Through the hand of the dead he is free Terrible beauty, monstrous sight Ruled again they shall be Women shall kneel to his dark might

Kalona's song sounds sweet As we slaughter with cold heat

Grandma gasped and cried, "O Great Spirit protect us!"

"Grandma! What is it?"

"First the Tsi Sgili and then Kalona. This is bad, Zoey. This is very, very bad."

The fear in her voice was totally freaking me out. "What's a Tsi Sgili and a Kalona? Why is it so bad?"

"Does she know the poem?" Aphrodite asked, sitting up and taking the washcloth off her face. I noticed her eyes were starting to look more normal and her face had gotten some of its color back.

"Grandma, do you care if I put you on speaker phone?"

"No, of course not, Zoeybird."

I pressed the speaker button and went over to sit on the bed beside Aphrodite. "Okay, you're on speaker now, Grandma. It's just me and Aphrodite here."

"Aphrodite and me," she automatically corrected me.

I rolled my eyes at Aphrodite. "Sorry, Grandma, Aphrodite and me."

"Mrs. Redbird, do you recognize the poem?" Aphrodite asked.

"Sweetheart, call me Grandma. And, no, I don't recognize it, as in having read it before. But I've heard of it, or at least I've heard of the myth, passed down from generation to generation in my people."

"Why did you freak out about the Tsi Sgili and the Kalona part?" I asked.

"They are Cherokee demons. Dark spirits of the worst type." Grandma hesitated, and I could hear her rustling around with something in the background. "Zoey, I'm going to light the smudge pot before we speak any more of these creatures. I'm using sage and lavender. I'll be fanning the smoke with a dove's feather while we talk. Zoeybird, I suggest you do the same."

I felt an awful jolt of surprise. Smudging had been used for hundreds of years in Cherokee rituals--especially when cleansing, purifying, or protection was needed. Grandma smudged and cleansed herself regularly--I'd grown up believing it was just a way of honoring the Great Spirit and of keeping my own spirit clean. But never in my life had Grandma ever felt the need to smudge at the mention of anyone or anything.

"Zoey, you should do it now," Grandma said sharply.

Chapter Twenty-two

As always, when Grandma told me to do something, I did it. "Okay, yeah. I'm going. I have a smudge stick in my room. I gotta run and get it." I gave Aphrodite a look and she nodded, shooing me toward the door with a hand flutter.

"Which herbs?" Grandma asked.

"White sage and lavender. It's the one I keep in my T-shirt drawer," I said.

"Good, good. That's good. It's personal to you, but its magic hasn't been released yet. Good."

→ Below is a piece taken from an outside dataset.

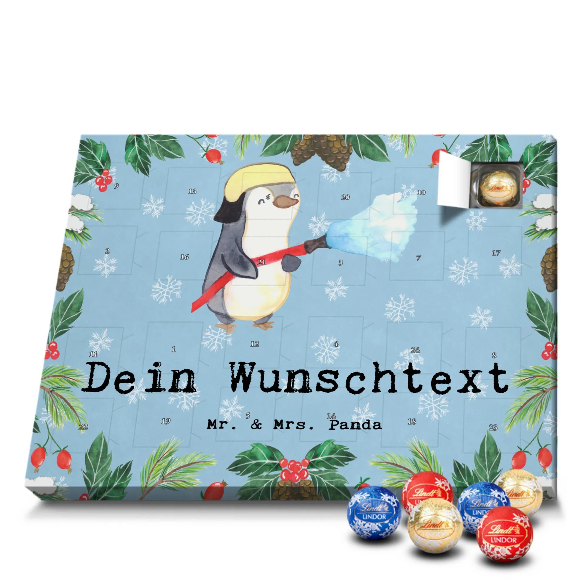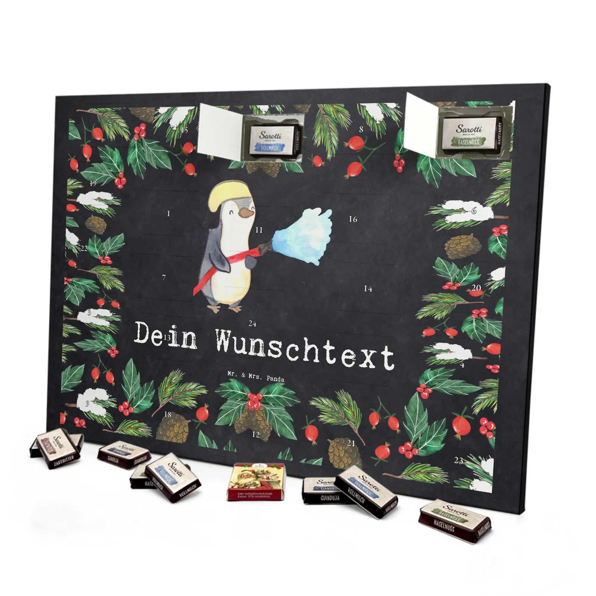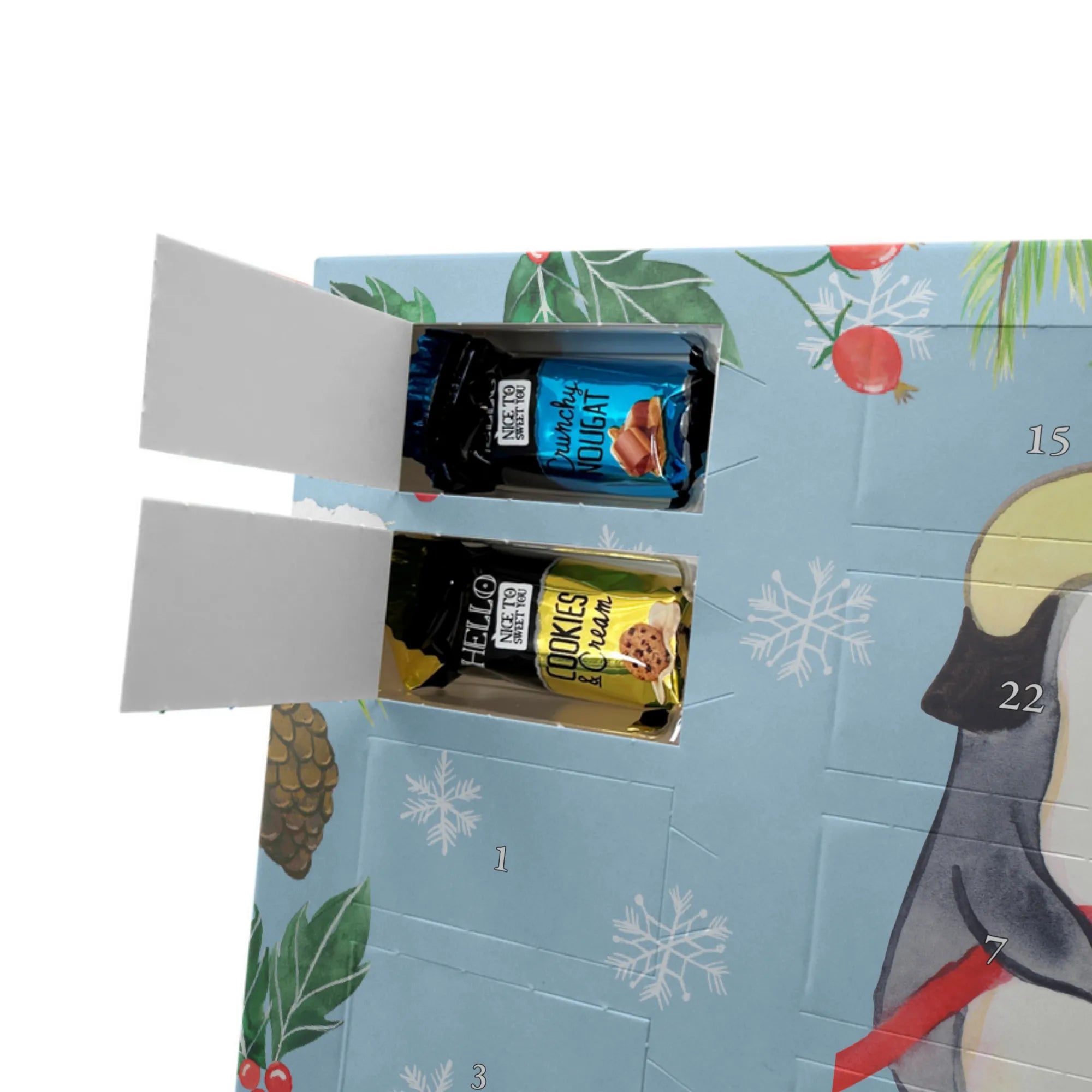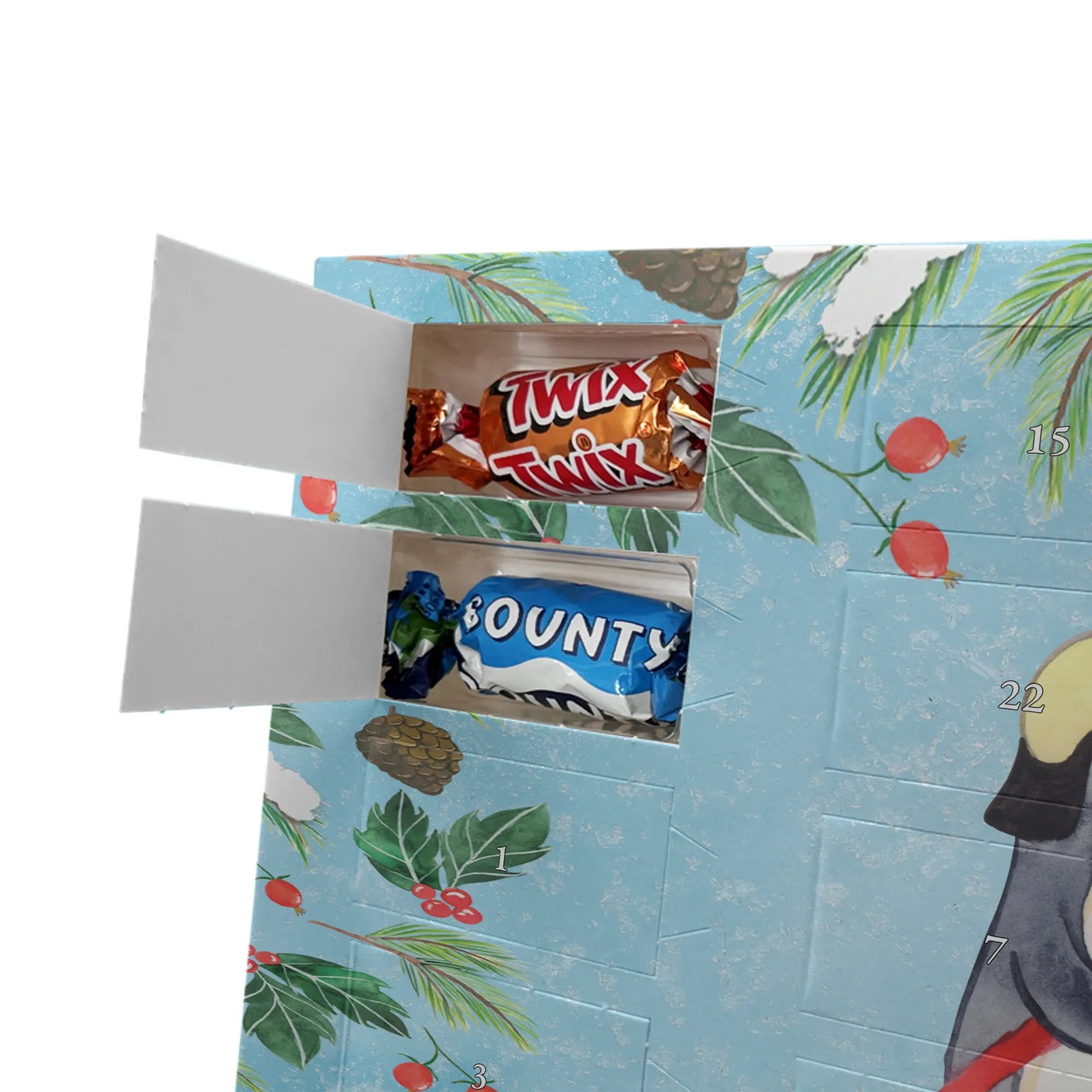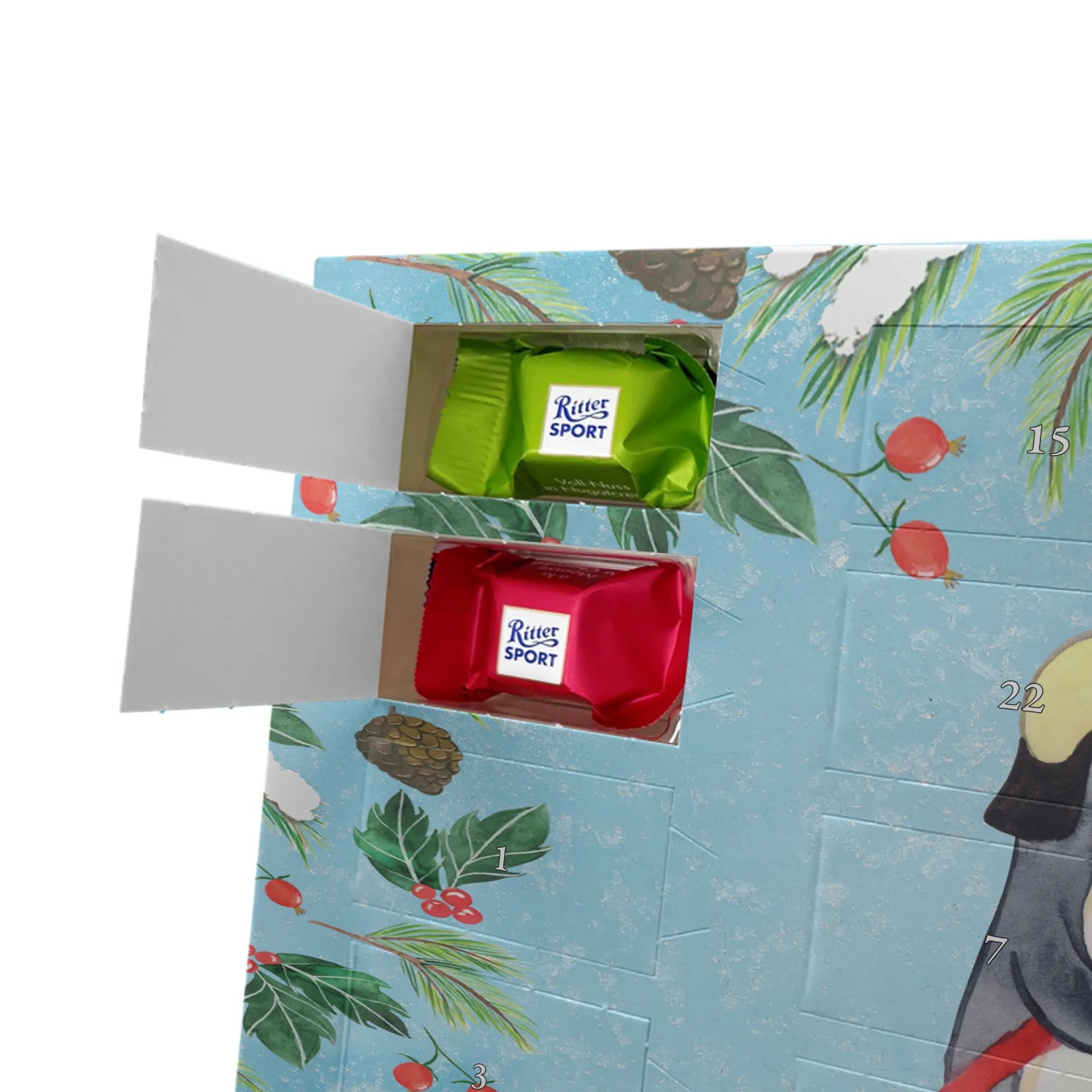 Make the Advent season even more special with the personalized chocolate Advent calendar from Mr. & Mrs. Panda. This unique Advent calendar is printed with your desired name or a custom text and features exclusive designs and sayings from the renowned designer duo. It's not only a visual highlight but also delights taste buds with 24 high-quality chocolate balls in various colors. The brilliant print quality and the silk-matte finish make this calendar a true eye-catcher during the Christmas season.

I rushed back to Aphrodite's room.

"I got the pot part covered," Aphrodite said, handing me a lavender-colored bowl that was decorated with three-dimensional grapes and a vine that twined all the way around it. It was absolutely gorgeous and looked expensive and old. She shrugged her shoulders at me. "Yeah, it's expensive."

I rolled my eyes at her. "Okay, I have the bowl, Grandma."

"Do you have a feather? From a peaceful bird, like the dove, or a protective bird, like a hawk or an eagle would be best."

"Uh, Grandma, no. I don't have any feathers." I looked questioningly at Aphrodite.

"No feathers here, either," she said.

"No matter, we can make do. Are you ready, Zoeybird?"

I waved the small wandlike stick of tightly woven dried herbs until the fire went out and smoke began to waft gently from it. Then I put it in the purple bowl and set it between us. "I'm ready. It's smoking perfectly."